2. SEEKING HELP: THE UKEAS 

My journey of applying to UK universities would have been much more stressful had I done it alone. The UKEAS is a consultancy agency set up specifically to help prospective students who want to study in the UK, and not only are they incredibly helpful, but they also do it for free. The agent assigned to help me out was a guiding hand throughout the application process by staying with me through each step, and also liaising with the universities I was applying for. It made a huge difference in making my transition from Filipino student to UK student much gentler, because my agent was very accommodating and ready to answer any inquiries I had to the best of their knowledge. I highly recommend going to the UKEAS for help, especially if you’re already struggling to juggle your current studies and extracurriculars.

Posted while at the airport after my Christmas break in the Philippines ended last January: “MNL✈LDN time again, and with it comes the end of the part of the year I look forward to the most.
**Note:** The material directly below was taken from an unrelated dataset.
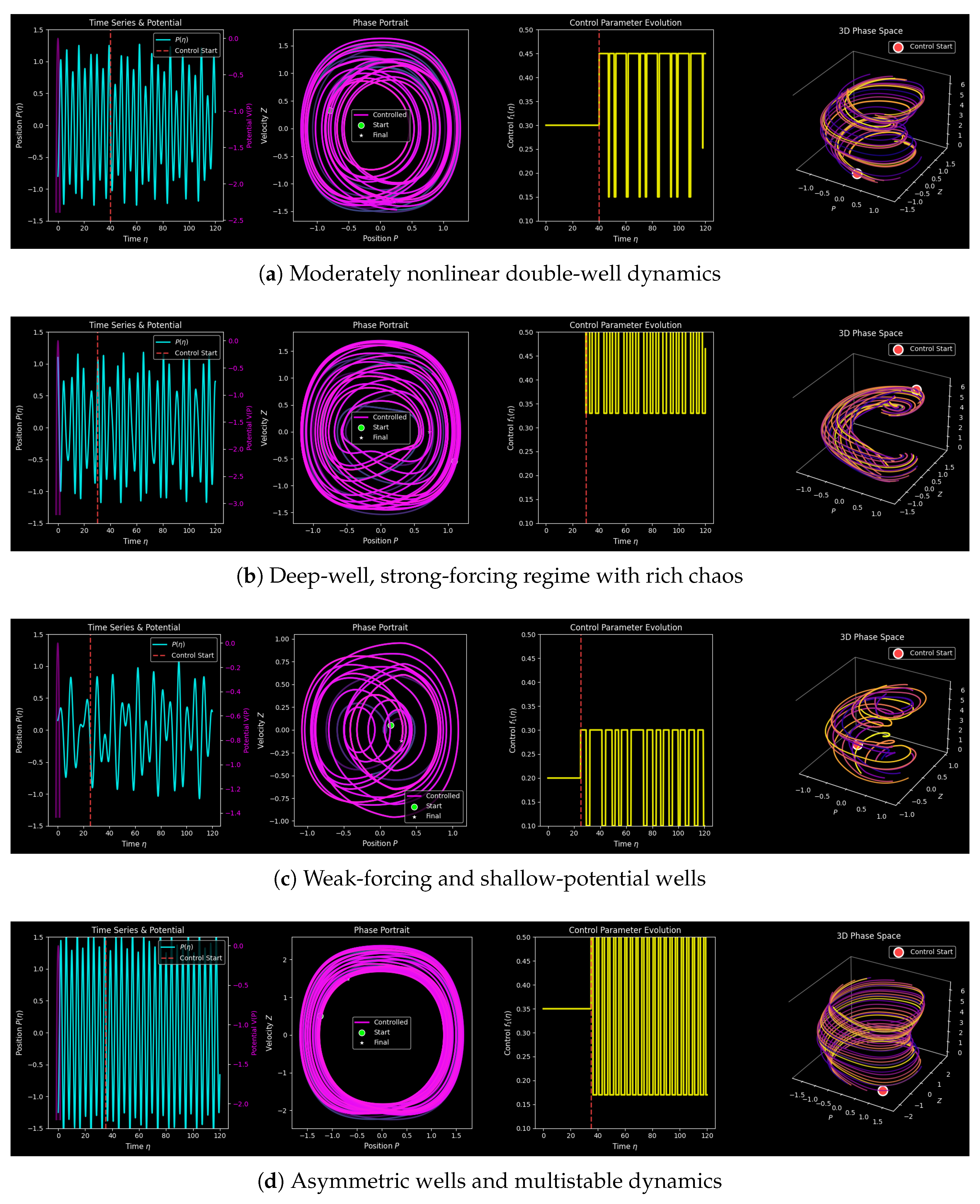 The qualitative and quantitative dynamic regime characterizations of periodic and quasi-periodic dynamical responses to chaos, intermittency, and coexistence between multiple attractors illustrated the sensitivity of nonlinear forced oscillators to changes in parameters. This study was able to capture the subtle transition mechanisms of these behaviors through intense visual and statistical diagnostics like Poincaré sections, recurrence plots, and Lyapunov spectra. Furthermore, the deterministic–stochastic comparisons showed that noise can reconfigure attractor geometry along with predictability horizons and can be either a stabilizing or destabilizing influence with regard to amplitude and system structure. As factors such as attractor structure and accessibility to UPOs are properly utilized, the OGY control demonstrations have shown that unstable periodic orbiting in extremely unpredictable double-well potentials can be selectively stabilized with few interventions. Finally, the stochastic bifurcation analysis with respect to the noise strength demonstrates that the underlying attractor structure of the nonlinear system remains robust under stochastic excitation, confirming that noise primarily induces bounded fluctuations rather than qualitative dynamical transitions within the investigated parameter regime.

Thanks to everyone who hung out with me at some point or another! The countdown to next December when I get to come home again has begun.”
Posted on my FB and IG on May 28, 2014, when I arrived in London, ready to begin university: “Just touched down @ Heathrow airport! Props to the pilots for a super-smooth landing! #heregoesnothing!”

3. BRITISH COUNCIL PHILIPPINES & THE IELTS EXAM

Ah yes, the famous IELTS exam. Over the years, I’ve had several people thinking of studying in the UK approach me about this because they were nervous about it and had no idea what exactly it entailed. A lot of the time, the misconception that people have of the IELTS is that it’s something like the SAT (‘Standard Attainment Test’) in the US, but it’s very different. The IELTS stands for ‘International English Language Testing System’, so it’s actually just an English aptitude test, or a test that checks how proficient you are at using the English language. The British Council Philippines is where you should apply to take the test, and they’ve made registering accessible online on their website. Not only does the British Council supply free resources to help you study and train for the exam, but the staff themselves at the office are also very nice and friendly when you’re there to take it. 

4. STAYING ORGANISED

Much of the application process requires quite a lot of paperwork, and a lot of the time, universities will be requiring many documents from you. My organisational skills were definitely tested during this period because I had to make sure that I acquired copies of whatever documents I needed, had them scanned, duplicated the files of those scans, and also kept track of where I was keeping the physical copies. Folders and USBs/hard drives should become your best friends, and I strongly advise uploading some copies onto your Google Drive or Dropbox just to be safe, and to ensure that you can easily access them from your phone. 

Labelling is also very important: make them clear and easy to read for times when you need to quickly pull them up or send them to someone else. Keep in mind that you’ll also be moving to another country at the same time, and things can so easily get lost while packing or on the journey there—stay vigilant! Being organised from the beginning will prevent situations of panic due to being unable to find the paper you need, which is a kind of stress you’d be better off without. 

5. TAKING THE JUMP

This step isn’t so much a preparatory step, but it’s still an important part of the journey. This is the moment when you’ve got your plane ticket and passport in one hand, your suitcase in the other, and you’re waiting in line behind the check-in counter at NAIA. This is the moment when you look out the window as your plane takes off and you watch Manila fall out beneath the clouds, because this is it—you’re off for a new life, in a new country. It’s exhilarating and scary and all-around breathtaking. From here on out, the world will become simultaneously smaller and bigger all at once. The future will feel infinite. 

Take it in. You won’t forget this part.